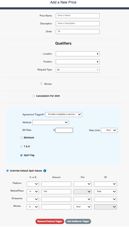 Pricing rules are applied to accepted jobs/shifts based on criteria (Qualifiers) that match the Job Order.
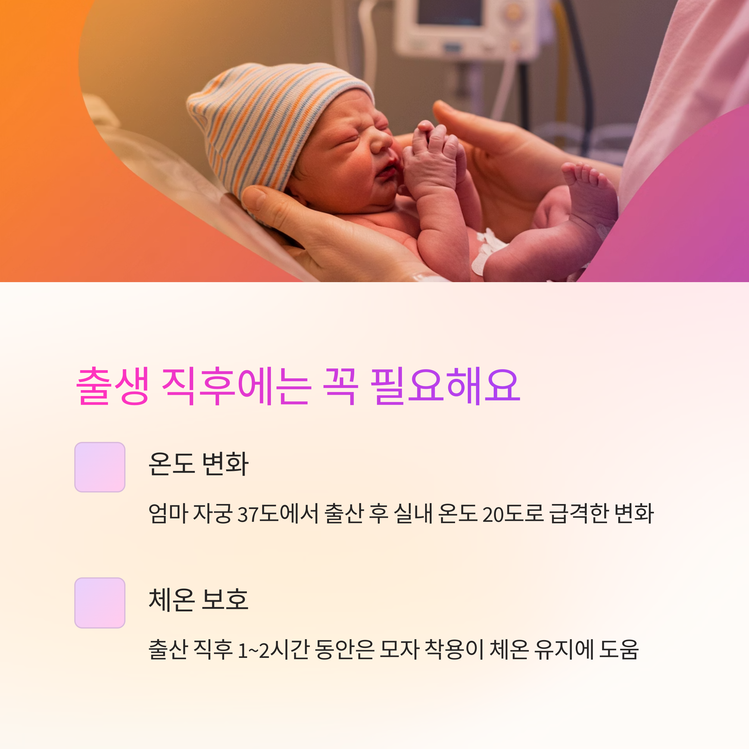 신생아는 태어난 직후 급격한 온도 변화에 노출됩니다.
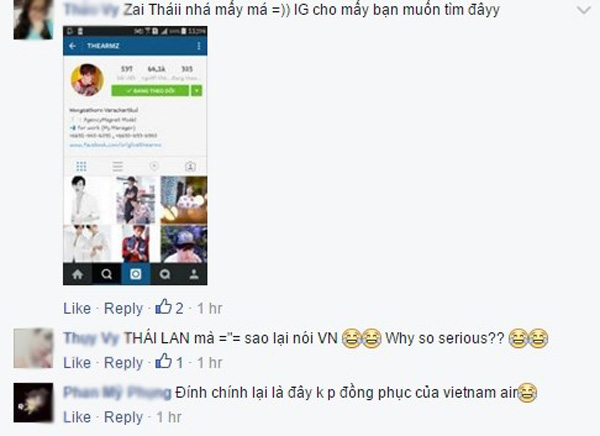 Sau vài giờ đăng tải, nhiều cư dân mạng đã 'bóc mẽ' chiêu trò 'câu like' của trang mạng xã hội kể trên. Nhiều người cho biết anh chàng trong ảnh là tiếp viên hàng không người Thái Lan, chứ không phải 'trai đẹp Việt Nam' như nhiều người lầm tưởng.
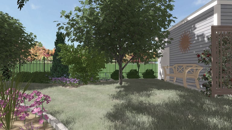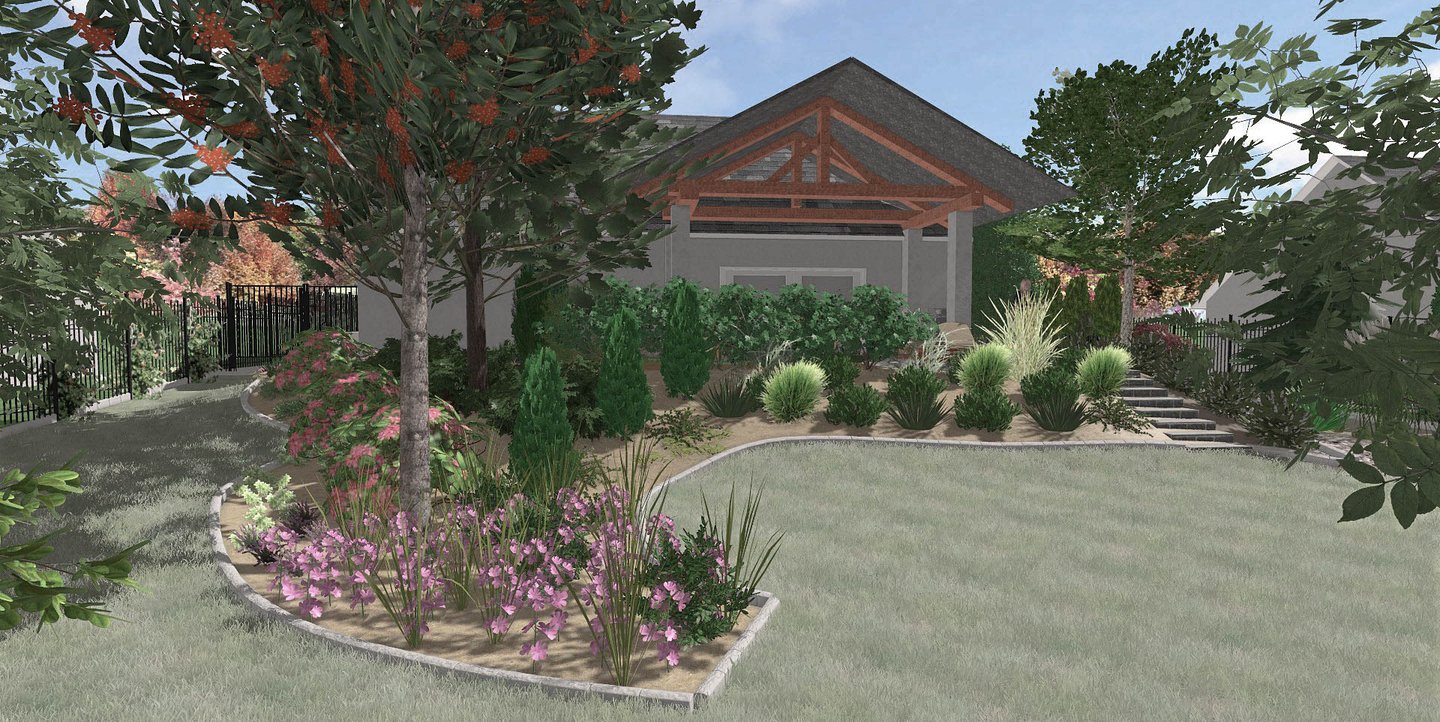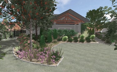 Całość zaprojektowano w wiejskim stylu i wzbogacona o skrzynie warzywne oraz drzewa owocowe na trawniku, będące jednocześnie osłonięciem działki od szerokiego pola widokowego ze względu na spadek terenu.
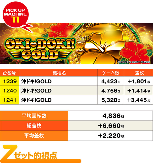 『沖ドキ!GOLD』でも3台並んでプラっている箇所を発見。特に1241番台のハイビスカスが咲き乱れており、終わってみれば3,000枚超え!
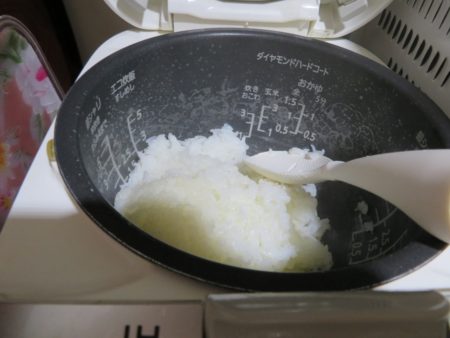 ブーブーとお知らせチャイムが!ご飯がふっくら炊けました。ごはんの上には『ゆかり』を乗せます。
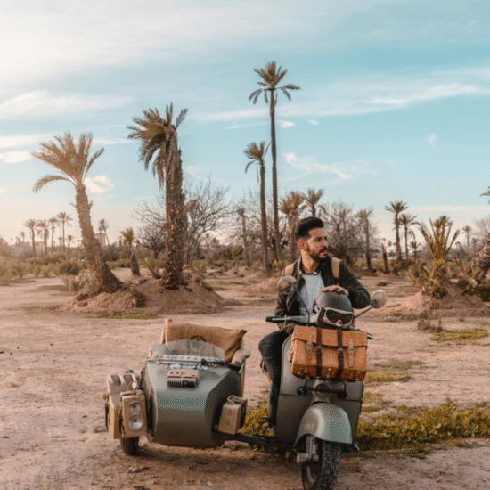 Embark on a thrilling tour of Marrakech and its surroundings in a motorcycle sidecar. Explore the city’s vibrant streets and venture into the captivating landscapes, experiencing the charm of Marrakech in a unique and unforgettable way.
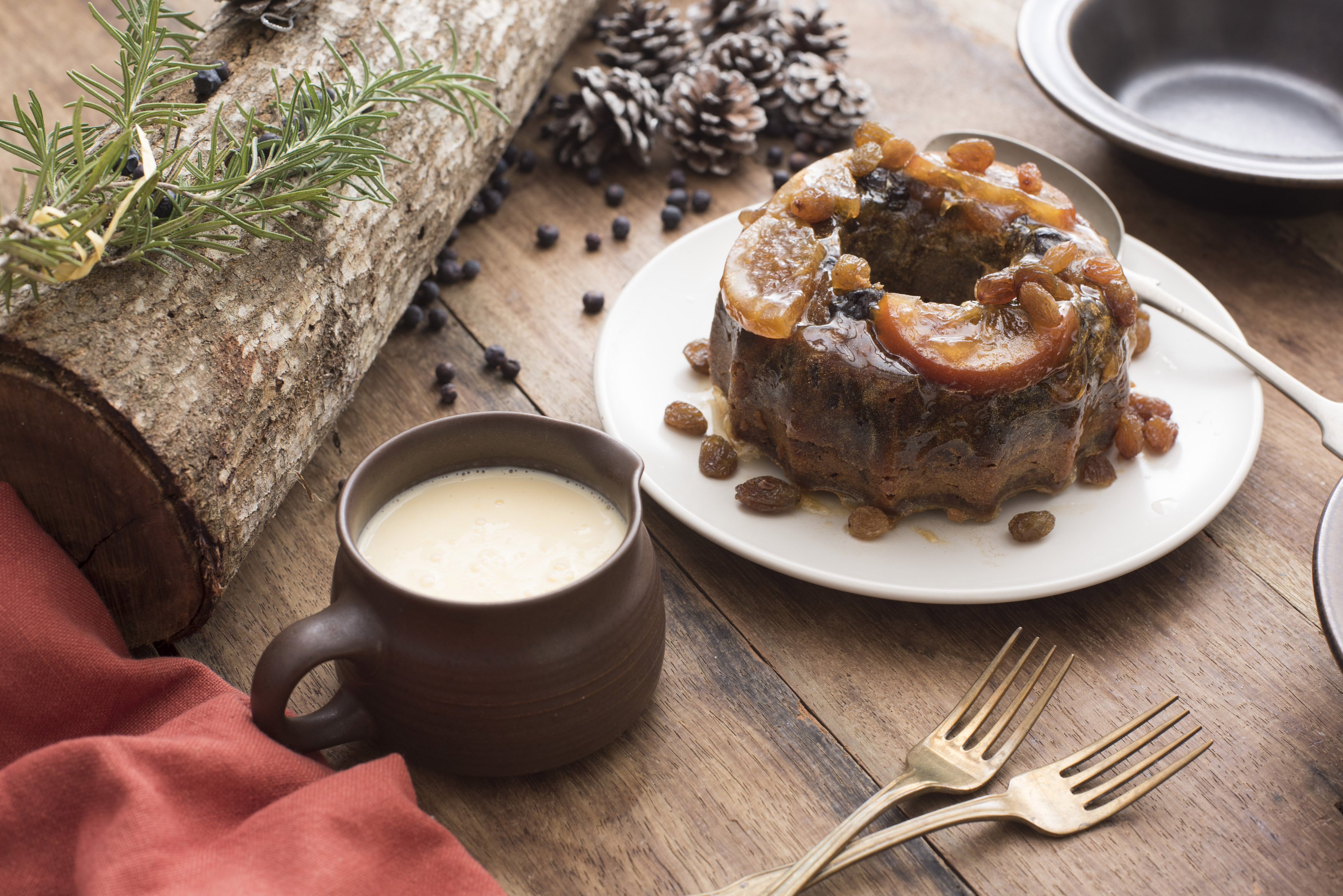 Keywords: christmas, fruit, holiday, plum, pudding, dessert, traditional, boiled, raisins, jug, custard, brandy, sauce, served, table
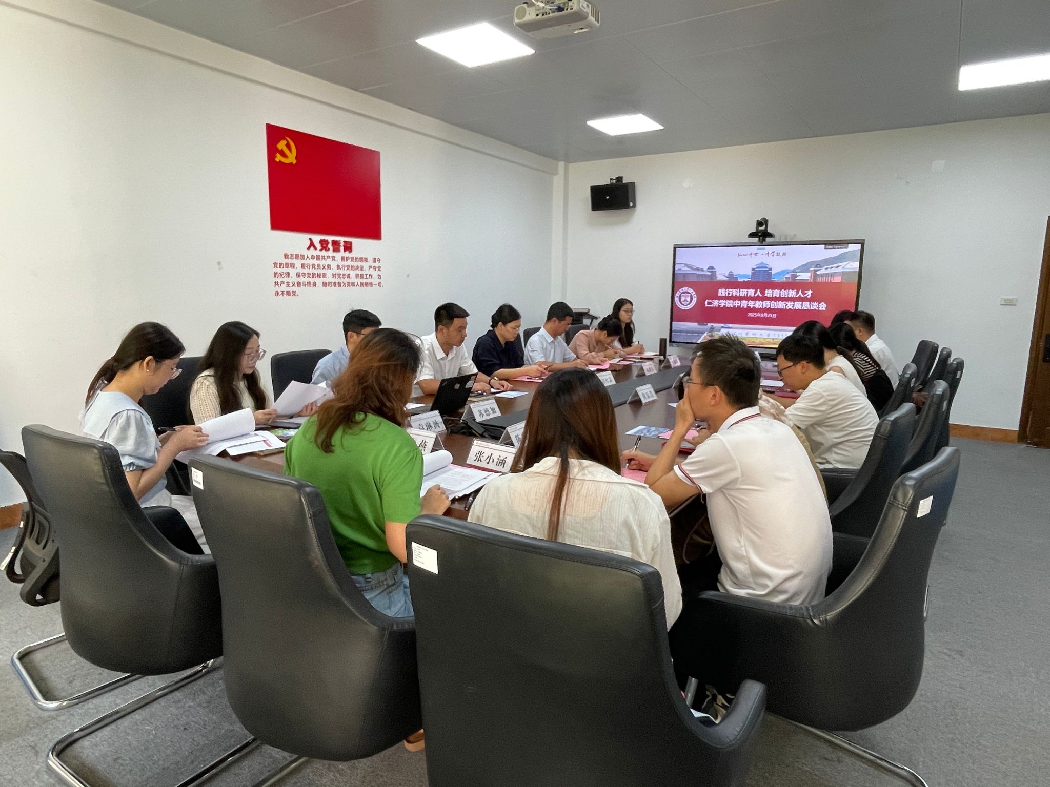 为深入践行科研育人理念,激发中青年教师创新活力,构建协同育人新格局,仁济学院中青年教师创新发展恳谈会于9月25日下午在茶山校区7A113会议室成功举办。学院党委书记彭红雷、副院长戴建春等领导出席,各相关职能部门负责人、创新创业导师代表、各系辅导员及中青年教师代表齐聚一堂,共话创新人才培养大计。会议由学院党委副书记张立康主持。

Work instruction: Reproduce exactly the line containing "sauce, served, table" and every line after it in the material above, up to and including the last. Exclude all pictures.

Response to the exercise:
 Keywords: christmas, fruit, holiday, plum, pudding, dessert, traditional, boiled, raisins, jug, custard, brandy, sauce, served, table
 为深入践行科研育人理念,激发中青年教师创新活力,构建协同育人新格局,仁济学院中青年教师创新发展恳谈会于9月25日下午在茶山校区7A113会议室成功举办。学院党委书记彭红雷、副院长戴建春等领导出席,各相关职能部门负责人、创新创业导师代表、各系辅导员及中青年教师代表齐聚一堂,共话创新人才培养大计。会议由学院党委副书记张立康主持。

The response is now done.